Crucially, despite the reluctance of some in Pakistan, the process of agreement expansion has continued, and Pakistan possesses limited options given the high costs of replacing its third largest market. There have now been eight negotiation rounds under the second phase of the trade agreement (Financial Express, Citation2017) with Pakistan continuing to show ‘concern about not being able to get meaningful market access during the first phase of the FTA’ (Dawn, Citation2017).

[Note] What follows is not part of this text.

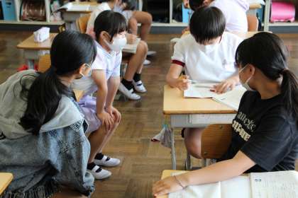 ペア・グループ学習 公開日 2022/05/25 更新日 2022/05/25 お知らせ 昨日の記事になりますが、5年生の国語のペア・グループ学習の様子をお知らせします。 学習において、自分の考えをもつことが一番ですが、それを理由や根拠をもって説明する(伝える)ことを大切にしています。今日紹介するのは、その後に意見交換をしてさらに深める段階です。

As with the ASEAN deal, an agreement that was initially accompanied concessions from the rising state has over time had a negative impact on the economy of the junior partner. Also, similarly to the ASEAN deal, the value of the initial concessions in agriculture were time limited and now despite requests to modify the existing agreement from Pakistan, negotiations are ongoing to extend the agreement further. Indeed this dynamic shows no signs of abating, Pakistan’s economic dependence upon China is likely to increase in future and consequently it will be less likely to be able to resist Beijing’s growing bargaining power advantage (Maini, Citation2018)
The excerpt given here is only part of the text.